此回调将构建一个矩阵，其中行是提升迭代，列是特征系数（顺序与调用 coef.xgb.Booster 时相同，截距对应于第一列）。

当每个特征有多个系数时（例如多类别分类），结果将被重塑为一个向量，其中系数首先按特征排列，然后按类别排列（例如前 1 到 N 个系数将属于第一个类别，然后是第 N+1 到 2N 个系数属于第二个类别，依此类推）。

如果结果中每个特征只有一个系数，则生成的矩阵将具有与特征名称匹配的列名，否则（当每个特征有多个系数时），名称将组合为 '列名' + ':' + '类别索引'（因此例如，类别 '0' 的列 'c1' 将命名为 'c1:0'）。

对于 xgb.train()，输出是稠密或稀疏矩阵。对于 xgb.cv()，它是一个此类矩阵的列表（每个折叠一个元素）。

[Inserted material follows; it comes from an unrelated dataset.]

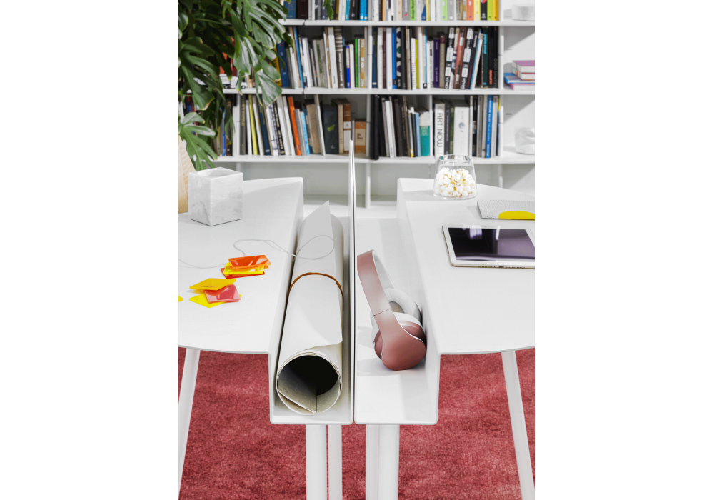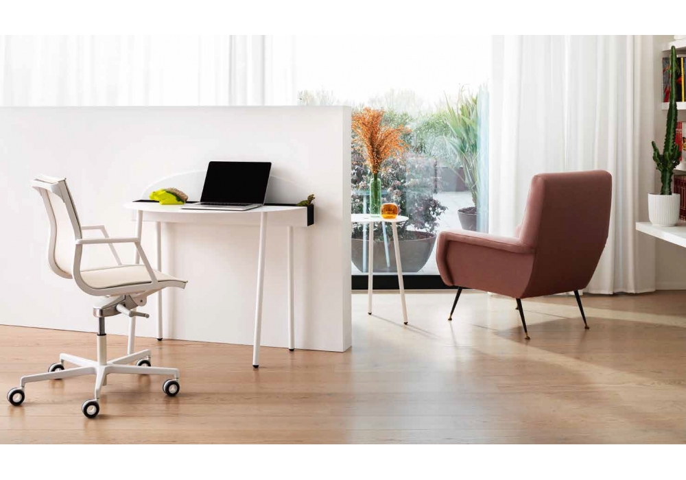 Crono designed by Favaretto and Partners for Luxy is a desk with painted metal structure and laser cut top. It is possible to choose the version with or without electrified cable pass kit. Available in different finishes.

函数 xgb.gblinear.history 提供了一种从该回调中检索输出的简便方法。

另请参阅

xgb.gblinear.history, coef.xgb.Booster.

示例

#### Binary classification:

## Keep the number of threads to 1 for examples
nthread <- 1
data.table::setDTthreads(nthread)

# In the iris dataset, it is hard to linearly separate Versicolor class from the rest
# without considering the 2nd order interactions:
x <- model.matrix(Species ~ .^2, iris)[, -1]
colnames(x)
dtrain <- xgb.DMatrix(
  scale(x),
  label = 1 * (iris$Species == "versicolor"),
  nthread = nthread
)
param <- xgb.params(
  booster = "gblinear",
  objective = "reg:logistic",
  eval_metric = "auc",
  reg_lambda = 0.0003,
  reg_alpha = 0.0003,
  nthread = nthread
)

# For 'shotgun', which is a default linear updater, using high learning_rate values may result in
# unstable behaviour in some datasets. With this simple dataset, however, the high learning
# rate does not break the convergence, but allows us to illustrate the typical pattern of
# "stochastic explosion" behaviour of this lock-free algorithm at early boosting iterations.
bst <- xgb.train(
  c(param, list(learning_rate = 1.)),
  dtrain,
  evals = list(tr = dtrain),
  nrounds = 200,
  callbacks = list(xgb.cb.gblinear.history())
)

# Extract the coefficients' path and plot them vs boosting iteration number:
coef_path <- xgb.gblinear.history(bst)
matplot(coef_path, type = "l")

# With the deterministic coordinate descent updater, it is safer to use higher learning rates.
# Will try the classical componentwise boosting which selects a single best feature per round:
bst <- xgb.train(
  c(
    param,
    xgb.params(
      learning_rate = 0.8,
      updater = "coord_descent",
      feature_selector = "thrifty",
      top_k = 1
    )
  ),
  dtrain,
  evals = list(tr = dtrain),
  nrounds = 200,
  callbacks = list(xgb.cb.gblinear.history())
)
matplot(xgb.gblinear.history(bst), type = "l")
#  Componentwise boosting is known to have similar effect to Lasso regularization.
# Try experimenting with various values of top_k, learning_rate, nrounds,
# as well as different feature_selectors.

# For xgb.cv:
bst <- xgb.cv(
  c(
    param,
    xgb.params(
      learning_rate = 0.8,
      updater = "coord_descent",
      feature_selector = "thrifty",
      top_k = 1
    )
  ),
  dtrain,
  nfold = 5,
  nrounds = 100,
  callbacks = list(xgb.cb.gblinear.history())
)
# coefficients in the CV fold #3
matplot(xgb.gblinear.history(bst)[[3]], type = "l")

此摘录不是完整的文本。